PLOTTING AND SCHEMING: Just the title of Kitchen Dog Theater’s current show, Ponzi, tells you it’s timely. In the show, a rich woman shows a younger woman the social ropes in an effort to land her husband. But the younger couple may have plans of their own. The show was commissioned by KDT as part of its New Play Festival. And judging from the reviews, this new play still needs some work. Or, as David Novinski says in his theaterjones.com review, “This potboiler still needs some salt.” Alexandra Bonifield was non-plussed as well. “Watching turtles fight over sunning spots on a White Rock Lake log offers better dramatic truth. Eventually, someone falls in the water with a splash,” she writes on criticalrant.com. The last word goes to Lawson Taitte, who shares his fellow critics’ opinions. “Neither the plotting nor the character development is all that compelling,” he writes on dallasnews.com.

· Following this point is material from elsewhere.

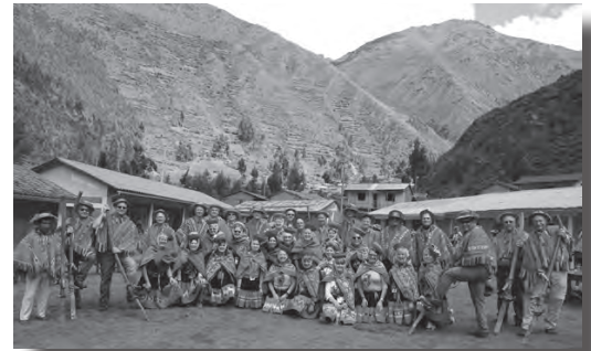
Peru International Travel Study.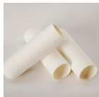
SX-041-A Cellulose Thimble 25x80 25 pcs

FW ON FILM: If there’s a don of Fort Worth filmmaking, it’s James Johnson. That’s because everyone who is involved in the film business there is connected to him in one way or the other. The owner of the Spiral Diner has already directed his own scripts, made videos for bands and produced films for others, including David Lowery’s last two efforts. And up next, he’s planning to open an art house theater in Fort Worth. “We’re just going with our gut on this,” he tells Fort Worth Weekly. “No one thought vegan food would work in Fort Worth. I just think a city that can support the art museums and theater troupes that we have here can support art films too. You have to give the audience a chance to show up.”

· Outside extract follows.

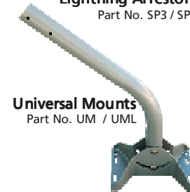
Universal Mounts Part No. UM / UML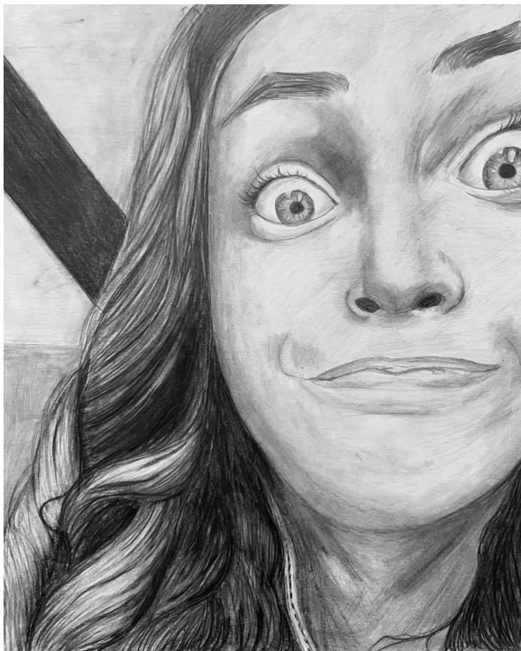
Lake Sena - "Seriously" Gold Key

THE GRAND TOUR: Last night I saw Woody Allen’s Midnight in Paris, and it has me wanting to go back to the City of Lights. Too bad I’m not a member of the Dallas Museum of Art’s Donor Circle. A group of 18 members recently got an “insider’s tour” of the city with DMA Interim Director Olivier Meslay, who came to Dallas from the Louvre. On the DMA’s Uncrated blog, you can see pictures from the trip and sigh longingly over the fact that you weren’t there.